Only what runs from the line with "정안뉴스 안정주 기자" to the end of the data should appear in the answer, exactly as written and without pictures.

_DATA_
___

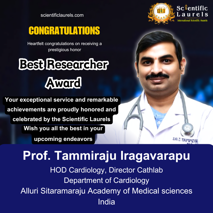 Prof. Tammiraju Iragavarapu is highly eligible for the Best Researcher Award in Scientific Laurels due to his sustained and impactful research output, international publications, global conference presentations, textbook authorship, and leadership in cardiovascular science. His work bridges clinical excellence, academic innovation, and translational research, making him a deserving candidate for recognition at national and international scientific platforms.
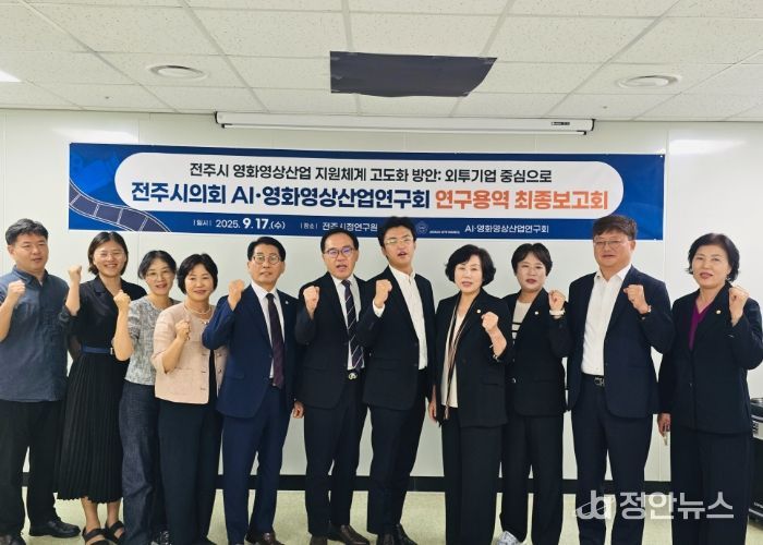 정안뉴스 안정주 기자 | 전주시의회는 지난 17일 의원 연구단체인 AI·영화영상산업연구회가 전주시정연구원에서 연구용역 최종보고회를 열고, 글로벌 영화사 유치 전략에 대해 논의했다고 18일 밝혔다.
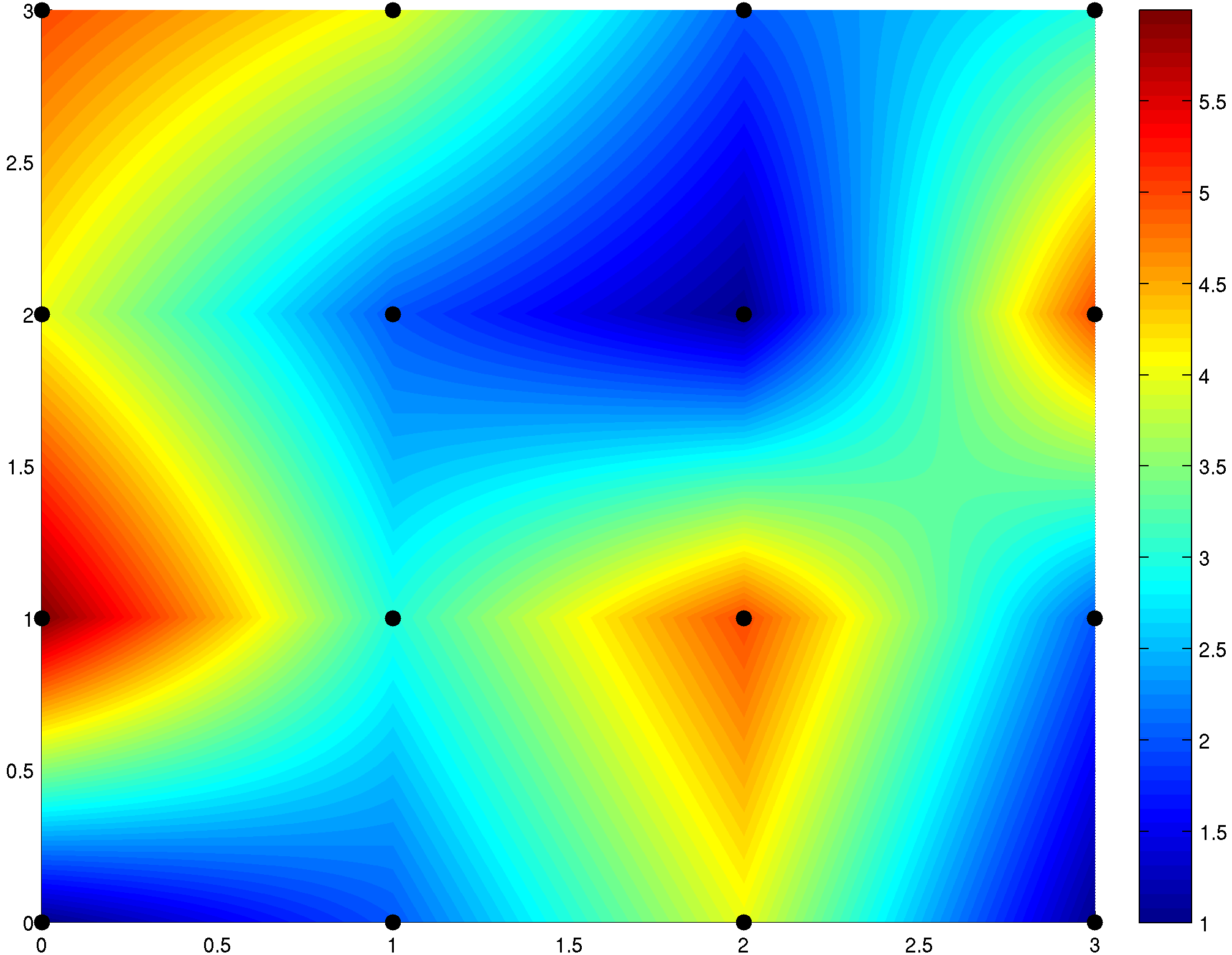 보간법을 이용하면 와 같이 주어진 점들 사이의 값에 대한 함수 값을 추정할 수 있다.

___

_RESPONSE AREA_
 정안뉴스 안정주 기자 | 전주시의회는 지난 17일 의원 연구단체인 AI·영화영상산업연구회가 전주시정연구원에서 연구용역 최종보고회를 열고, 글로벌 영화사 유치 전략에 대해 논의했다고 18일 밝혔다.
 보간법을 이용하면 와 같이 주어진 점들 사이의 값에 대한 함수 값을 추정할 수 있다.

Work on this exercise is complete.